Ein buntes Riesenplakat von Coca Cola prankte seit Ende Januar 2013 am Baugerüst in der Danziger Strasse 2 und verursachte schweren Ärger bei Mietern, Auftraggeber und wohl auch noch beim Vermieter. Die Mieter fühlten sich schwer belästigt: tagsüber Verdunkelung – und nachts hell strahlende Beleuchtung. Das Grossplakat wird aber noch mehr Ärger bringen und auch den Senat Berlin beschäftigen. Es gibt eine eklatante Lücke in der erst 2010 novellierten Fassung der Berliner Bauordnung- die den Mieterschutz ganz nebenbei völlig „vergessen“ hat.
Unter den verärgerten Mietern ist auch Fernando Goncalves (Künstlername Nando Rossi), der seinen Ärger per Internet öffentlich machte, und eine Petition auf der Plattform Change.org veröffentlichte: „Coca-Cola (@CocaCola_De): Pack‘ deine Werbung vor unseren Fenstern ein! #behindacokead“
Eine weitere Protestseite auf Facebook zeigte die Plakate und lies eine schnelle Reaktion von Coca-Cola Deutschland folgen, deren Entschuldigungs-Schreiben an die Mieter im Hausflur schnell aushängt wurde.
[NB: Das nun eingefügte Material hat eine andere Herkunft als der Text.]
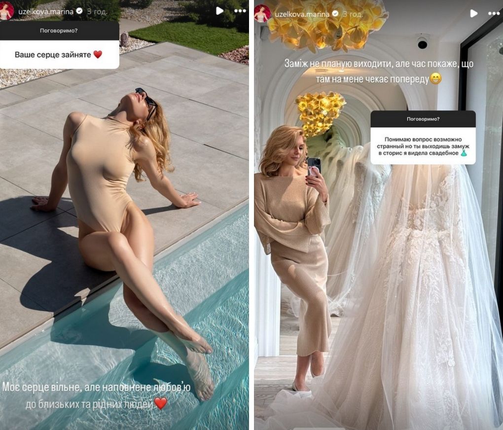 Нещодавно колишня дружина В'ячеслава Узелкова Марина Боржемська показалася в салоні весільних суконь, чим спровокувала розмови про можливе заміжжя. Спілкуючись з підписниками в Instagram, фітнес-тренерка відповіла, чи відкрила вона серце для нового кохання і чи дійсно знову виходить заміж.

Auch am Riesenplakat wurde schnell agiert: ein Team von drei Baukletterern überklebte den Slogan mit drei roten Lettern, sodass nun ein „Tut UNS leid“ auf dem Big-Poster prangt.
Das Plakat sollte eigentlich 30 Jahre Cola-Light feiern – und das Baugerüst an der markanten Straßenkreuzung Danziger Strasse Ecke Schönhauser Allee war eine große Verlockung für die Werber.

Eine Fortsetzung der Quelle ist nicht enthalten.